- DIRECTIONS -
From the records that follow, return exactly the lines beginning at the one that contains "汇聚超多电竞高玩,覆盖多款热" and ending at the one that contains "- Почему Lubian.com", pictures left out.

(Records from a collection)
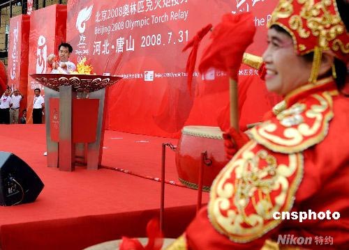 圖:唐山市長點(diǎn)燃圣火盆河北傳遞結(jié)束
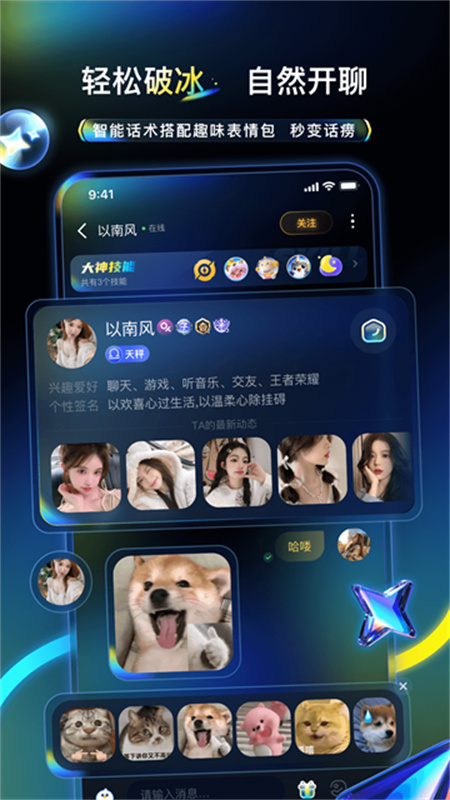 汇聚超多电竞高玩,覆盖多款热门游戏,在这里自由的组队开麦,各种顺畅的交流方式,智能算法匹配队友,还有实时更新的电竞赛事,趣味互动玩法多样,感受不一样的游戏氛围。
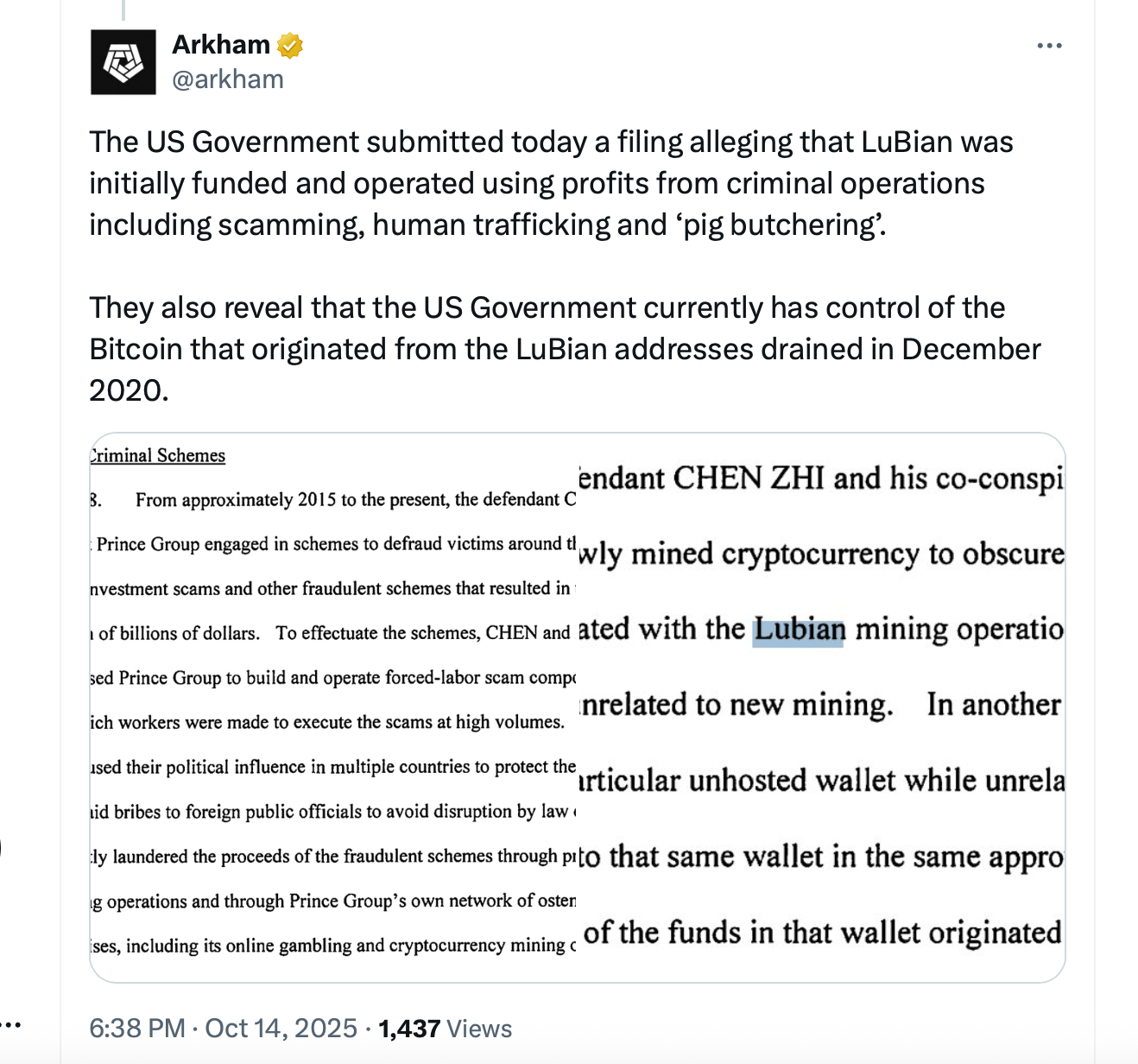 - Почему Lubian.com актуален? Arkham проследил 127 тысяч BTC до Lubian.com, назвав это хакерской атакой прямо из сценария фильма.
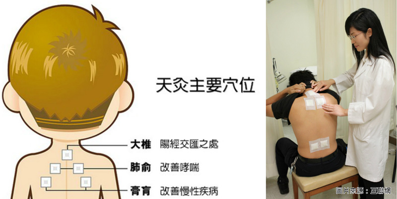 天灸疗法源于古代的中国,已经有数千年歷史,是一种以辛温刺激性的药物,敷贴在特定穴位上的外治法,透过剌激特定穴位,可以温经散寒、疏通经络、行气活血、改善体质,达到治病防病的目的。可改善哮喘、鼻敏感、经常性感冒、慢性胃炎、妇女月经不调、宫寒不孕、手足冰冷、畏寒怕冷、关节风湿疼痛等症状。一般来说,只要年满三岁,年龄越小,治疗效果越好,连续做三年,可减低虚寒性疾病復发的机会。
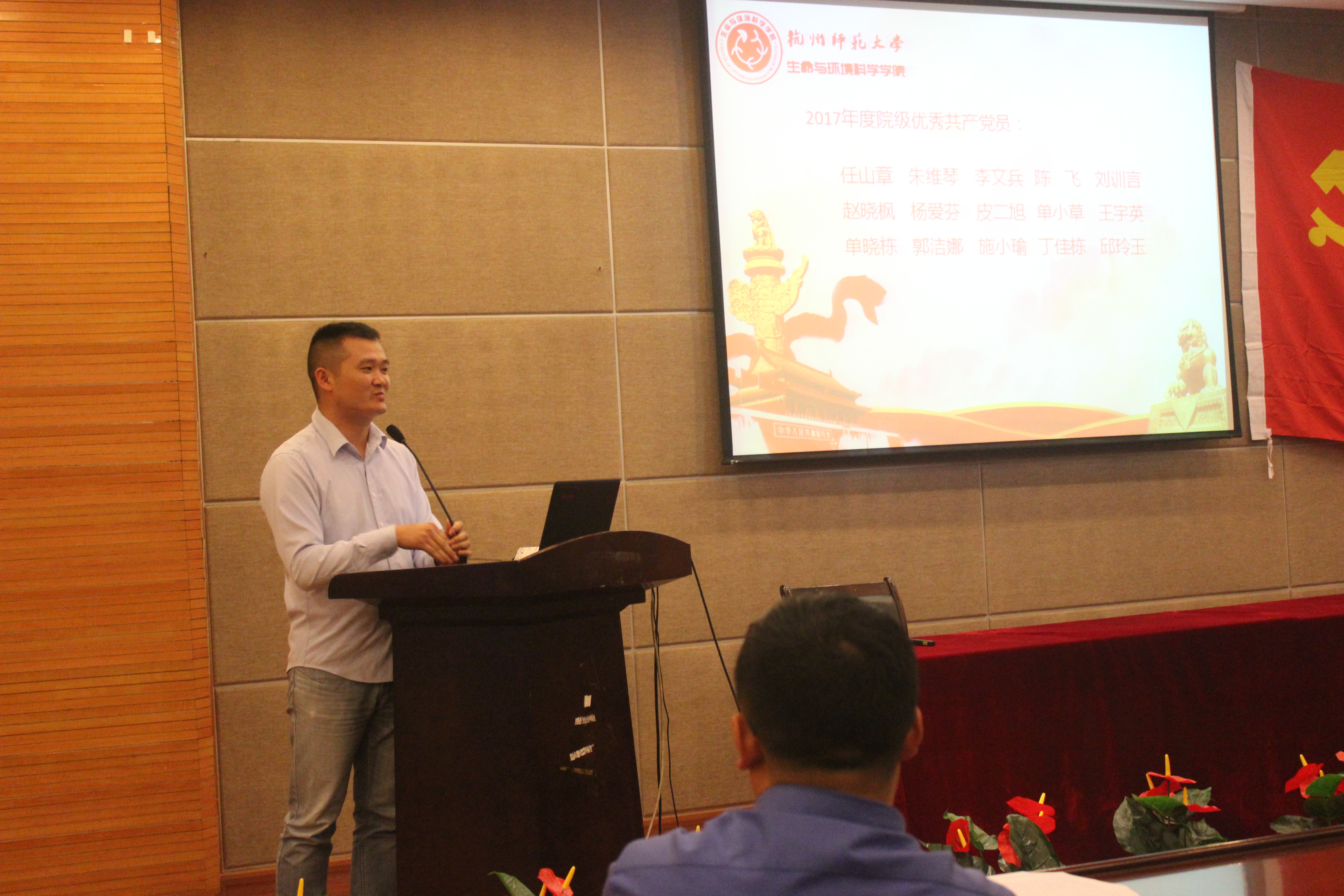 随后学院表彰了2017年度优秀共产党员。这些优秀党员们默默地在一线工作,勤勤恳恳,为我们做出了良好的表率。在场的共产党员们用最热烈的掌声向他们致以最衷心的祝贺和最崇高的敬意。
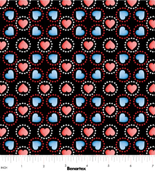 Benartex Patriotic Circle Hearts Red Blue Black 100% Cotton Price per Yard Valentine
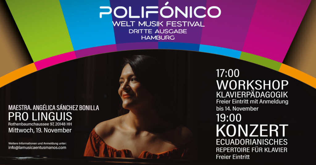 Hamburg freut sich auf die dritte Ausgabe des Festivals POLIFÓNICO – ein musikalisches Treffen, das die Interkulturalität feiert und den künstlerischen Dialog zwischen Lateinamerika und Deutschland fördert. Organisiert von „Die Musik in deinen Händen“, findet das Festival vom 19. bis 22. November statt – am ersten Tag, Mittwoch, den 19. November, ist es bei pro linguis zu Gast.
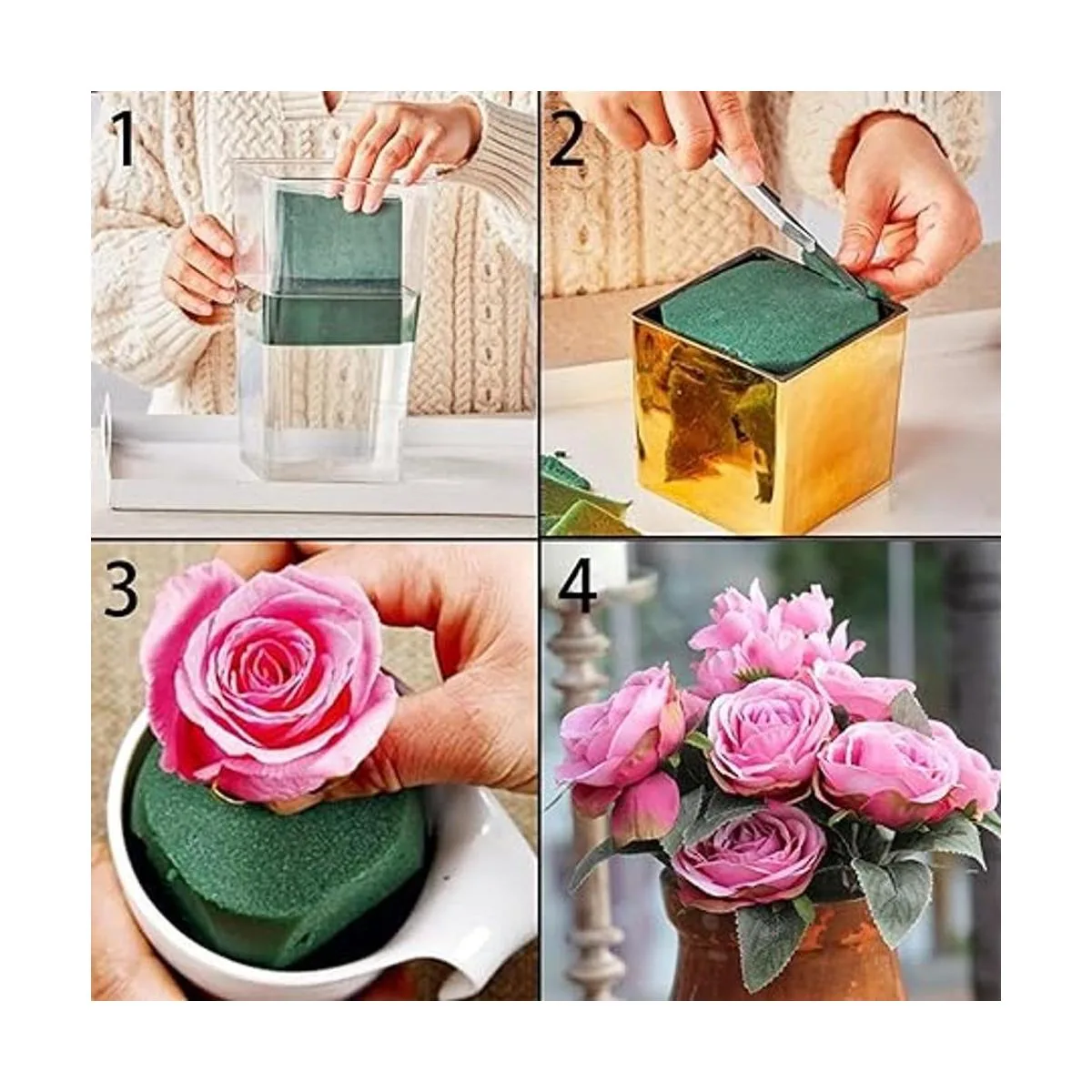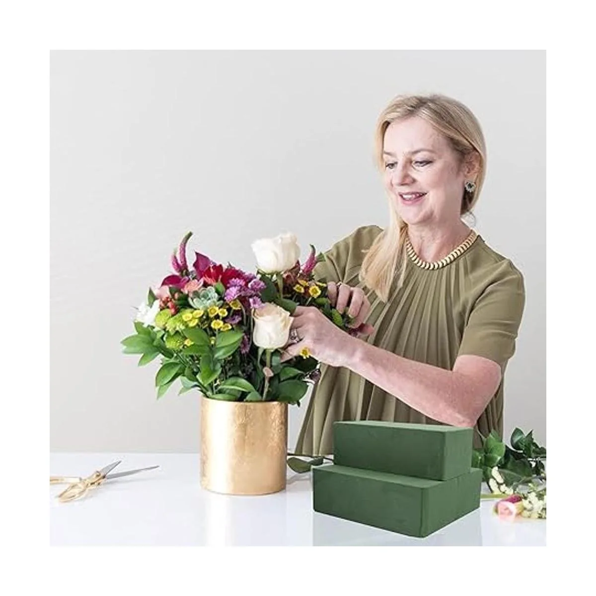 Fácil de usar: la espuma floral húmeda se puede cortar cualquier tamaño y forma como quieras, ponla en agua ligeramente y espera un minuto hasta que absorba el agua completamente.

- SOLVED PROBLEM -
 汇聚超多电竞高玩,覆盖多款热门游戏,在这里自由的组队开麦,各种顺畅的交流方式,智能算法匹配队友,还有实时更新的电竞赛事,趣味互动玩法多样,感受不一样的游戏氛围。
 - Почему Lubian.com актуален? Arkham проследил 127 тысяч BTC до Lubian.com, назвав это хакерской атакой прямо из сценария фильма.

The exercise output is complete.